All blocks’ descriptor object is always in low address “global” memory (0x102878000 area), which is responsible to copy and dispose the block object. Understandably this is basically some code / code meta data. Basically, “descriptor” is meta data and “static” class scope data for the block, while “layout” is block object data and “instance” data for each block object.
Size of block object instance depends on captures (obviously). Non-capturing block is at least 32 bytes. The more it captures the bigger it is.
Non-capturing block (block0 here) has block object in “global” memory (see also previous section).
The original block object from block literal sits in stack, but each Block_copy() of the stack block object returns a new unique heap object (0x12a605000 area, lower address than stack, higher than global/code). This can be expensive.
Block_copy() of a heap block object returns pointer to the same heap block object, see copy of copy 2. Likely only some reference count is bumped. So “copying” a heap block object is more efficient than copying the stack block object. Therefore, avoid copying the original stack block object repeatedly.
The last section of printout for block2 through block5 shows that the block objects really sit in stack, eaching taking 0x88 = 136 bytes. Actual payload is 132 bytes, probably due to alignment their addresses in stack report 136. Maybe block object T does not need to meet sizeof(T)%alignmentof(T)==0 for regular C/C++ object.
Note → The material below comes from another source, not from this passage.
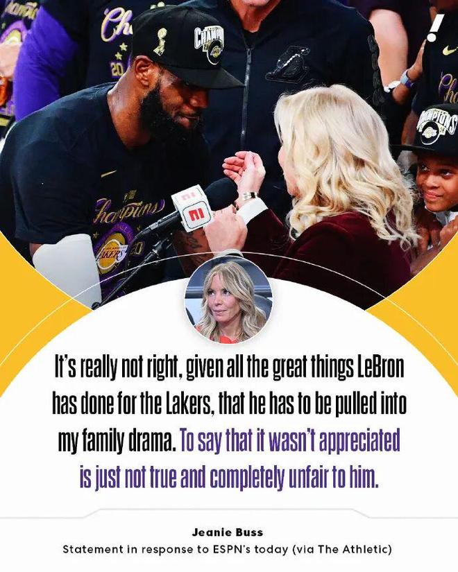 ESPN報道稱,2018年,詹姆斯主動加盟湖人,輿論普遍認為是詹姆斯選擇了湖人,湖人沒有因為成功招募到詹姆斯而獲得贊譽,這壹點令珍妮感到不悅。
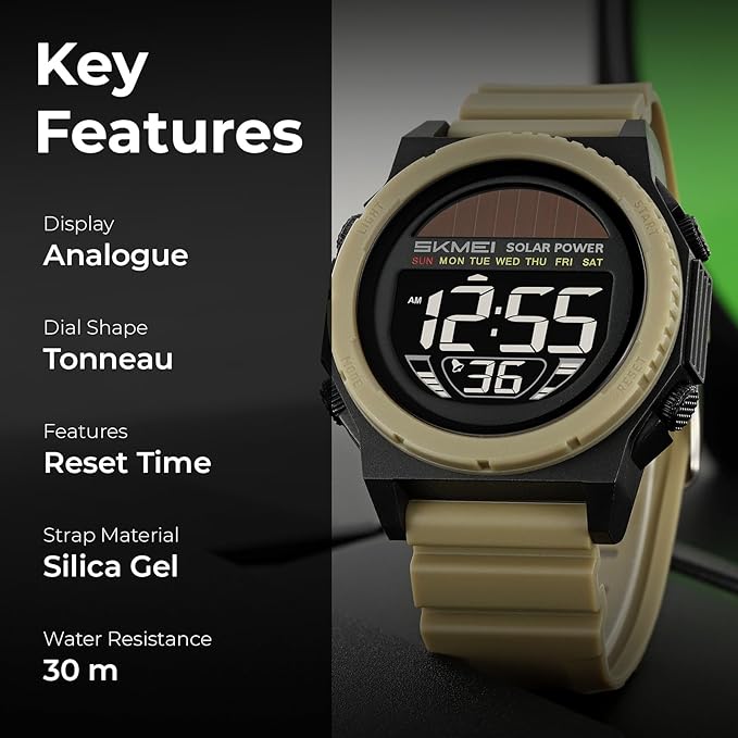 Upgrade your outdoor experience with the SKMEI 2358 Solar Digital Watch , designed for durability, reliability, and efficiency. Featuring solar power technology , this watch reduces battery dependence while ensuring consistent performance. Built with a 50M waterproof rating , it withstands water splashes, rain, and swimming, making it perfect for both adventure seekers and daily wear. The multi-functional display includes a stopwatch, alarm, date, week indicator, and 12/24-hour time formats, providing all essential features in one stylish piece. Designed with a rugged military-style case , a flexible TPU strap , and a strong stainless steel back cover , the SKMEI 2358 offers comfort and long-lasting wear. Whether youre hiking, training, or just looking for a reliable sports watch, this model delivers a powerful combination of style, functionality, and durability .

How does Block Capture a Reference?

What happens if we capture a C++ reference?

int main(int argc, char** argv) {
    Big big;
    auto block1 = ^(){
        return big.aa[10];      // capture an object
    };
    std::cout << "block1 : full size: " << ((Block_layout *)block1)->descriptor->size << std::endl;

    Big& bigRef = big;
    auto block2 = ^(){
        return bigRef.aa[10];   // capture a reference
    };
    std::cout << "block2 : full size: " << ((Block_layout *)block2)->descriptor->size << std::endl;

    return 0;
}

Surprise! It prints:

block1 : full size: 132
block2 : full size: 40

Basically, only a reference (i.e. basically a pointer, of 8 bytes here) is captured. When the compiler sees a mention of a reference to Big in block literal, it captures only a copy of pointer to Big, not the Big object being referenced.

It would be clearer if we compare with C++ lambda capture:

    auto lambda1 = [=]{
        return big.aa[10];      // capture object by value
    };
    std::cout << "lambda1 : size: " << sizeof(lambda1) << std::endl;

    auto lambda2 = [&]{
        return big.aa[10];      // capture object by reference
    };
    std::cout << "lambda2 : size: " << sizeof(lambda2) << std::endl;

    auto lambda3 = [=]{
        return bigRef.aa[10];   // capture reference by value
    };
    std::cout << "lambda3 : size: " << sizeof(lambda3) << std::endl;

    auto lambda4 = [&]{
        return bigRef.aa[10];   // capture reference by reference
    };
    std::cout << "lambda4 : size: " << sizeof(lambda4) << std::endl;

This prints:

lambda1 : size: 100
lambda2 : size: 8
lambda3 : size: 100
lambda4 : size: 8

It’s clear that lambda1 and lambda2 prints as we already understood C++, and Block capturing object by value is clearly similar to lambda1.

The confusion: is Block capture reference “by value” similar to lambda3 or lambda4? As it is shown, it is actually similar to lambda4, i.e. “capture reference by reference”, not “capture reference by value”, in C++.

Capturing in Block does not allow the flexibility of capturing in C++ lambda where you can specify by value or reference. You always need to keep in mind that Block captures the apparent type by value: object as object, and reference as reference (pointer and reference, therefore shallow).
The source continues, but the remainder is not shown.